How to legally sue a customer for nonpayment of service?
By Trinity Hanson, Updated: 2023-03-22 (published on 2022-12-06)
Non-paying clients are an irritating scenario that most businesses find themselves facing sooner or later. Initially, you just assume the client hasn’t read the invoice yet. Then you consider that it may have slipped their mind. So you send reminders that are followed by either a vague reply or no response at all. So you start getting nervous and begin to consider the possibility that the customer is incapable or unwilling to make the payment.
Let’s explore how these situations can negatively affect your business and what legal actions you can take to resolve the issue.
What Non-Payment of Services really cost?
When customers miss payments, your finances are impacted on multiple levels. First of all, providing services involves costs. Let’s say you are a dentist running a private practice. Every month you incur numerous expenses, such as medical equipment, office supplies, and maintenance, as well as the salary you pay to your anesthesiologist and receptionist or the monthly fees charged by your accountant.
The revenues you earn from each client help you cover these costs and generate a profit. When one client doesn’t pay, the costs you incurred to serve that client don’t magically disappear. Such a scenario is particularly worrisome when multiple clients don’t pay or when the services you provide are very expensive. In some cases, you also risk not being able to pay your suppliers and employees, which in turn can exacerbate relations with them.
Is your client really trying to avoid the payment?
Before legally suing, you must take all the steps to make sure that your client is indeed trying to avoid paying the bill, either because he can’t or because he won’t. Ask yourself the following questions before taking any legal action.

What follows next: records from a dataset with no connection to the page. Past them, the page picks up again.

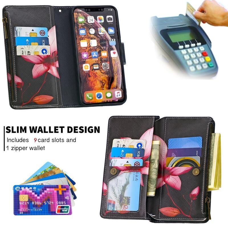 Θήκη δέρματος οριζόντιας αναδίπλωσης με φερμουάρ για iPhone XS Max με έγχρωμο σχέδιο, θήκη και υποδοχές καρτών & πορτοφόλι (Λωτός)
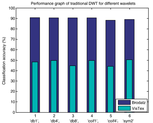 The first experiment deals with the performance evaluation of the traditional DWT method. DWT with different wavelet basis functions (db1, db4, db8, coif1, coif4, sym2) are applied on two sets of texture databases. Then, statistical features such as mean and standard deviation are extracted from the decomposed images for different levels.
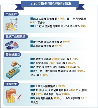 11月25日,市统计局发布了1-10月份全市经济运行情况。10月份,随着统筹推进疫情防控和经济社会发展一系列政策措施落细落实,企业生产经营活跃度不断提升,工业、服务业行业增长面继续扩大;消费、投资保持总体向好,出口延续较快增长;民生福祉较好保障。
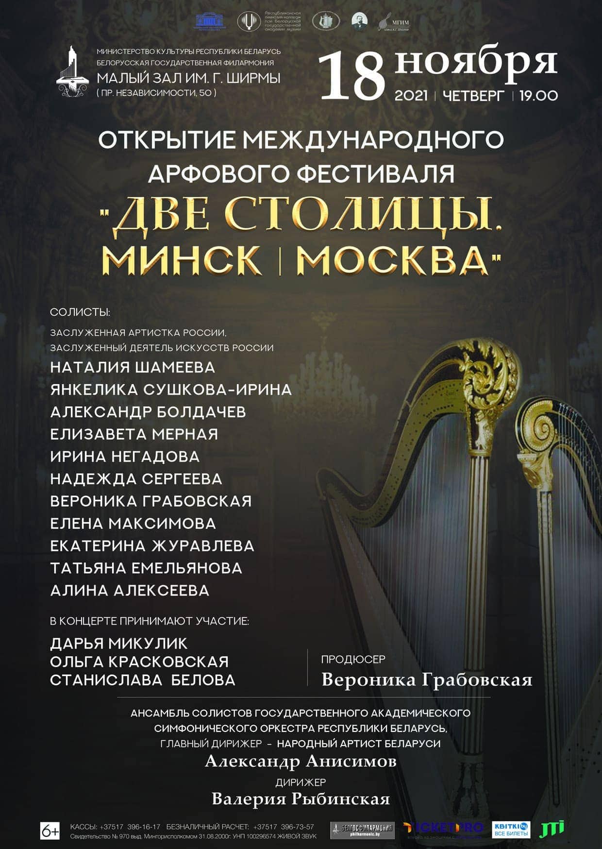 18 ноября 2021 года в Малом зале им. Г. Ширмы Белгосфилармонии состоится торжественное открытие международного арфового фестиваля «Две столицы. Минск — Москва».

- Did you send the invoice to the right person? When your client is a medium-sized or large company, there is a chance you made a mistake and sent the invoice to somebody who is not in charge of paying suppliers.

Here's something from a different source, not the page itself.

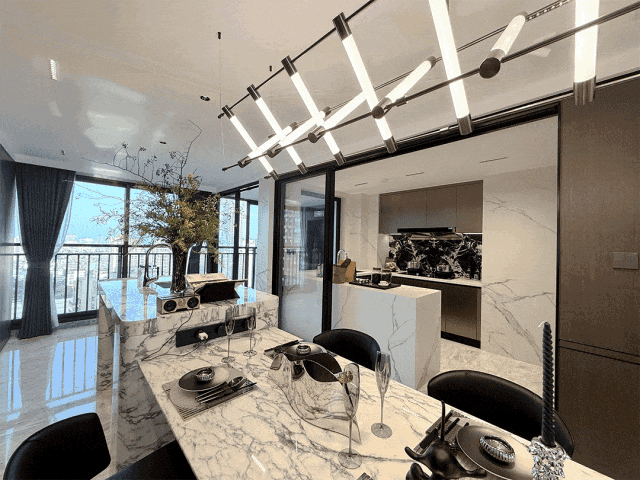 餐厅中岛台设计将中西厨分离,设置双动线,日常行动更为流畅自然。大理石西厨台触手生温的质感与自然流畅的纹理,赋予就餐空间更多温度与考究品质。贴墙打造酒柜、餐边柜,集收纳、展示功能于一体,既是对餐厨收纳的补充,也为空间注入摩登风尚。

- Did you send the invoice through the right channel? Your customer may have told you earlier that he wanted you to sell invoices by email, but you forgot and sent one by post.
- Did you clearly define the scope of work, and did you provide the agreed service in its entirety? Maybe, there was an earlier misunderstanding, and your client is waiting for additional work on your part before considering your services delivered.
Read More: Contract Redlining: What, why, when, how?
Sending Gentle Reminders and Considering the Cost of Legally Suing
Once you determine that you delivered the full service and followed all the necessary bureaucratic procedures, you should consider sending 2 or 3 gentle reminders before taking legal action. Not all clients that don’t pay immediately are malicious or broke. Some may have genuinely forgotten to pay. Others may have sent a bank transfer to the wrong bank account and are waiting for the bank to send the money back before processing the money back.
Sending a few polite messages and reminding your clients of the payment can help you assess their intentions.
Now, let’s assume your client is still unresponsive or vague after receiving these light reminders. Here is the last you should ask yourself before suing: is the cost of non-paid services higher than the cost of taking legal action?
Unfortunately, filing a lawsuit involves various expenses. While it’s true that the losing party of a case usually has to cover these costs, there is no guarantee you will win it, and there is always a small risk you may lose and be forced to pay your client’s defense costs.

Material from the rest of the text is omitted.